One might think that parents would find it easier to define their relationship with IVF-conceived embryos that never made it out of their Petri dishes, rather than embryos that were the subject of excited phone calls announcing a pregnancy or fetuses whose tiny toes were visible on ultrasound. But studies show that even with embryos left over from IVF cycles, parents struggle with reconciling practical concerns with their emotional responses.

A 2005 study found that 72 percent of couples interviewed who had gone through IVF treatment had not made and were not in the process of making decisions about what to do with their leftover embryos. That study cites an earlier study revealing that more than 80 percent of couples who had planned to donate their embryos for research or to other couples changed their minds. In the 2005 study, “several couples commented that contemplating the fate of their embryos was harder than their decision to go forward with the donor oocyte [and IVF] procedure itself.”

The study found that “the factor that contributes most significantly to the difficulty of the disposition decision is the complex nature of the couples’ conceptualization of their embryos.” Couples saw their embryos in a variety of ways: as biological material, as living entities, and as “virtual children,” whose interests must be considered. Some were uncomfortable with donating to another couple because they would lose control over their genetically related children, for whom they felt responsible.
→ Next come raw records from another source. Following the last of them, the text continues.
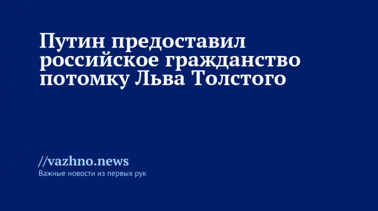 Российский президент Владимир Путин подписал указ о предоставлении гражданства России Даниилу Толстому — потомку классика отечественной литературы Льва Толстого. Документ размещен на официальном интернет-портале правовой информации.
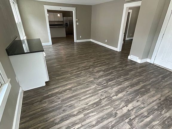 Huge back deckStainless steel kitchen appliancesKitchen cabinetsGranite islandHard flooring
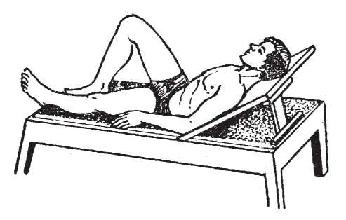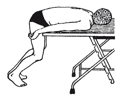 Поза полулежа на животе на массажном столе, тазовая область пациента находится за пределами стола, нижние конечности полусогнуты в коленных суставах, стопы опираются на носочки, руки вытянуты вдоль туловища (рис. 8).
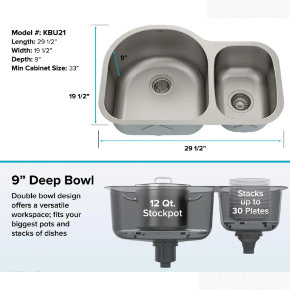 Kraus Premier Undermount Stainless Steel 30 in. 60/40 Double Bowl Kitchen Sink
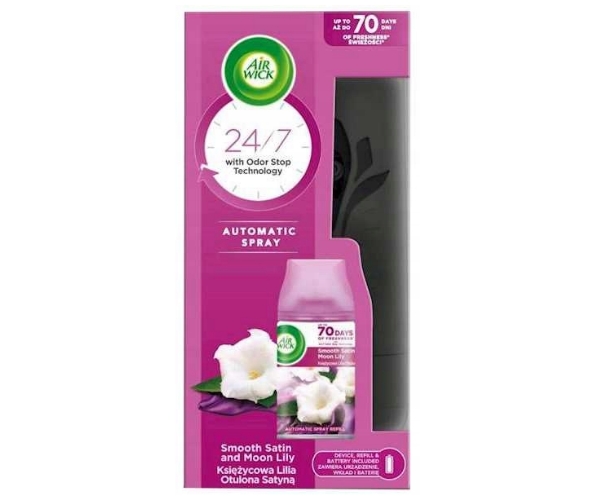 EN SEO: Air Wick Freshmatic air freshener, Moon Lily & Satin scent, automatic air freshener, 250 ml refill included, odor neutralizer, long-lasting fragrance up to 60 days, 3 scent intensity levels, up to 2400 scent doses, wall mount or shelf placement, 2× AA battery powered, complete device + refill set, home fragrance, fresh home scent, scented home, Air Wick diffuser, floral aroma, |
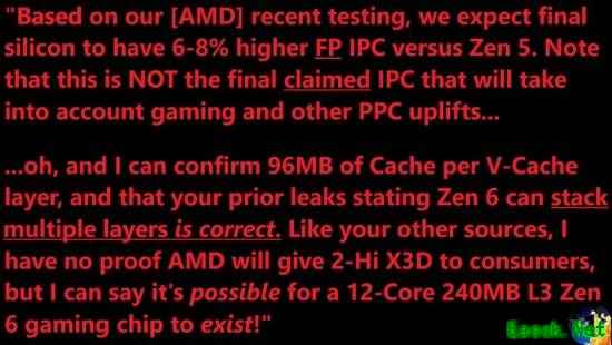 除了IPC提升,Zen 6架构还将引入更多的3D V-Cache缓存技术,MLID的消息源确认,Zen 6将配备96MB的3D V-Cache,并且支持多层3D V-Cache堆叠。 这意味着如果AMD采用两层3D V-Cache,那么Zen 6 CPU的L3缓存容量可能会达到240MB。 此外,Zen 6架构还预计将带来更高的核心频率和更多的核心数量,结合先进的台积电制程工艺,这将使其在性能上更具竞争力。 不过需要注意的是, 这些信息在AMD正式公布Zen 6之前都处于未经证实状态,Zen 6还有一年或更长时间才会推出,这意味着AMD不太可能在短期内透露任何具体信息。
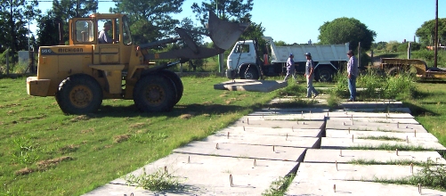 ACUERDO AVELLANEDA – RECONQUISTA – A través de un convenio entre ambos municipios, Avellaneda y Reconquista, la semana próxima estarían colocando las losas de cemento en el puente «Héroes de Malvinas», puente que une las localidades antes mencionadas.La Municipalidad de Avellaneda a través de la Secretaría de Obras Públicas hace saber a la población que luego de haber finalizado la construcción de 172 losas de hormigón prefabricado correspondientes al recambio del actual tablero del puente “Héroes de Malvinas”, este Jueves 28 de Enero de 2010 se realizó el traslado de las mismas desde la Incubadora de Empresas, ubicada en el Parque Industrial de nuestra ciudad hasta dicho puente.
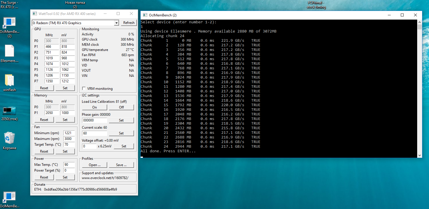 Q: Какое напряжение на чипе и контроллере памяти(КП) должны быть? A: Напряжение на чипе должно быть не меньше напряжения на контроллере памяти. Ваттман (и прочие утилиты) регулирует напряжение на КП, хотя написано что это напряжение на памяти!

Some couples “incorporated [the embryos] into their family structure by referring to them as siblings of their living children. This view complicated the consideration of donating embryos as it gave rise to concerns about the possibility of their living child inadvertently meeting and starting a relationship with a child conceived from a donated embryo.” Couples saw embryos as a “genetic or psychological insurance policy and considered the possibility that their embryos might provide some medical benefit to their living children at some future time,” or might be “potential replacements for their living children should they be lost through illness or accident.” Embryos also became “symbols of the infertility that had dominated their lives for so many years.” Some wanted to use their embryos up to have more children, and for some, the unused embryos fed an ongoing desire for more children even when that was impractical.

Parents’ complex relationships with their embryos, whether they exist in laboratories or the womb, defy simplistic pro-life/pro-choice arguments that define embryos either as equal to fully developed children or as mere biological matter.